§ Given data:
BEGIN

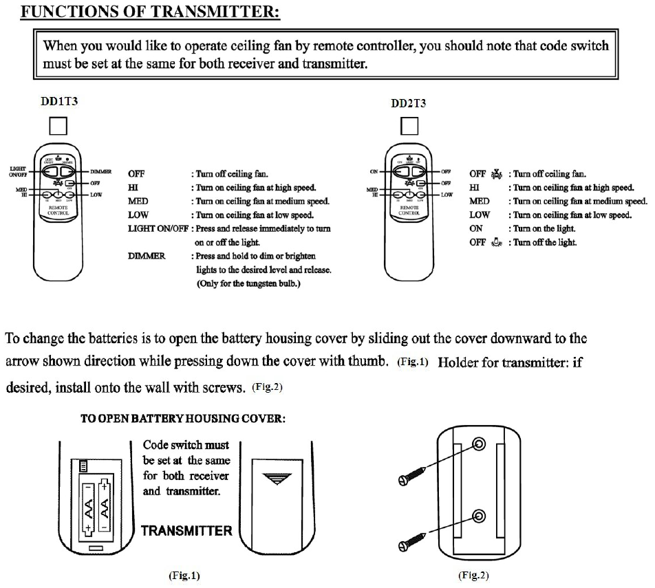 XIN HUI A.A. ELECTRONICS & TOYS LTD DD1T3 and DD2T3 is a 315MHz Lower Power SRD. Users Manual
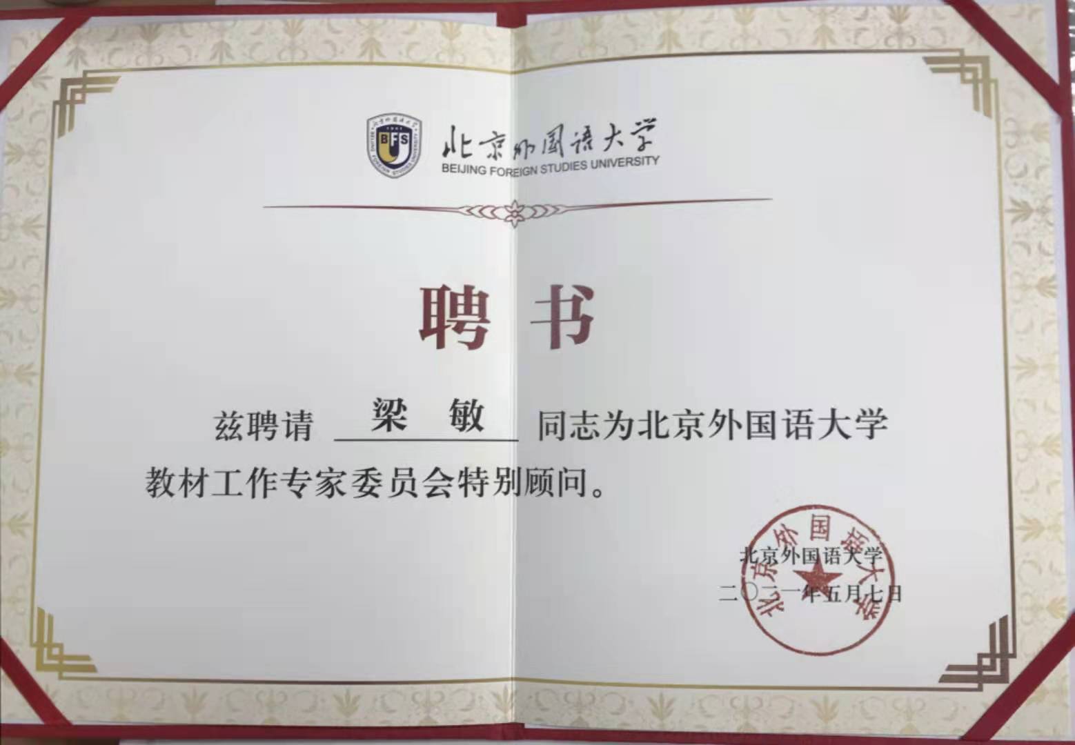 为发挥教材专家对教材建设的指导作用,学校成立了教材工作专家委员会。tyc522cc太阳成集团梁敏教授被聘为tyc522cc太阳成集团教材工作专家委员会特别顾问。学校党委书记王定华为教材工作专家委员特别顾问代表颁发聘书。
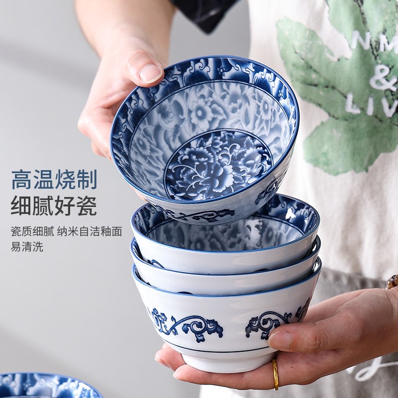 釉下彩青c花瓷碗陶瓷吃饭碗汤碗面碗菜盘中式餐具碗碟套装碗盘家

END

§ Exercise objective: Once the pictures are set aside, please reproduce the remaining material word for word.

§ Answer box:
 XIN HUI A.A. ELECTRONICS & TOYS LTD DD1T3 and DD2T3 is a 315MHz Lower Power SRD. Users Manual
 为发挥教材专家对教材建设的指导作用,学校成立了教材工作专家委员会。tyc522cc太阳成集团梁敏教授被聘为tyc522cc太阳成集团教材工作专家委员会特别顾问。学校党委书记王定华为教材工作专家委员特别顾问代表颁发聘书。
 釉下彩青c花瓷碗陶瓷吃饭碗汤碗面碗菜盘中式餐具碗碟套装碗盘家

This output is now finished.